The easiest sort of belt to document is one with metal fittings and hardware – they are less likely to break down in the soil after burial (Larsson, 2008), and treasure hunters are more likely to find, and report, a metal artifact over textile remains (e.g. Portable Antiquities Scheme, 2007, 2010). Not all buckles found in female graves were included, however, as in many cases it appears they were associated with horse tack (Pétursdóttir, 2007) or jewellery (Bratt, 2001a,b), and are therefore not indicative of a belt. The vast majority of finds occur outside of the Scandinavian peninsula, in areas of Norse settlement.

Map showing areas of Norse settlement in the 9th and 10th centuries

Caption: Map showing areas of Norse settlement in the 9th and 10th centuries. Solid black areas are Danish settlements, while stripes indicate Norwegian colonies. Dots represent location of belt hardware finds, after Montgomery et al. (2003) and Wikimedia (2006).

This small collection of female graves with belt fittings, can be divided in to three categories of evidence:

  • Graves containing paired tortoise brooches, and belt hardware at the waist.
  • Graves without paired brooches, but with belt hardware at the waist.
  • Graves containing paired tortoise brooches, and belt hardware within the grave, or found nearby.

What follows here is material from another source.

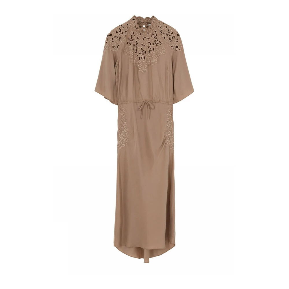 Vakker kjole fra Gustav med ½ lange vide ermer og vakkert brodert pynt over brystet, skuldrene og sidene med fint perforert mønster. Kjolen har også et smalt knytebånd for å fremheve midjen.

While the first category of evidence would, naturally, be the best sort, its rarity forces us to consider all of the available evidence.

Cnip headland on the Isle of Lewis is unique in this corpus, as it is the only interment with a detailed archaeological report describing the position of objects within the grave, as well as tortoise brooches. A 10th century female skeleton, was discovered with tortoise brooches, and a bronze buckle and strap end set, both found resting on her lower ribs (Welander et al., 1987; Gordon, 1990). It appears that leather fragments remained between the bronze sheet-metal plates, indicating that she was buried wearing a short belt (Welander et al., 1987). Interestingly, a strap-end in the same style, also with leather remains, has also been discovered in Kroppur, Eyjafjarðarsýsla, Iceland although that burial was without oval brooches (Hayeur-Smith, 2003ab). It is likely that both women from Cnip and Kroppur were of a mixed Norwegian/British Isles background (Hayeur-Smith, 2003b), or had another strong connection to the islands. An analysis of the tooth enamel of the Cnip woman showed that she was native to the British Isles, although she may have been of Norwegian descent, and it is probable her oval brooches were heirlooms (Montgomery et al., 2003).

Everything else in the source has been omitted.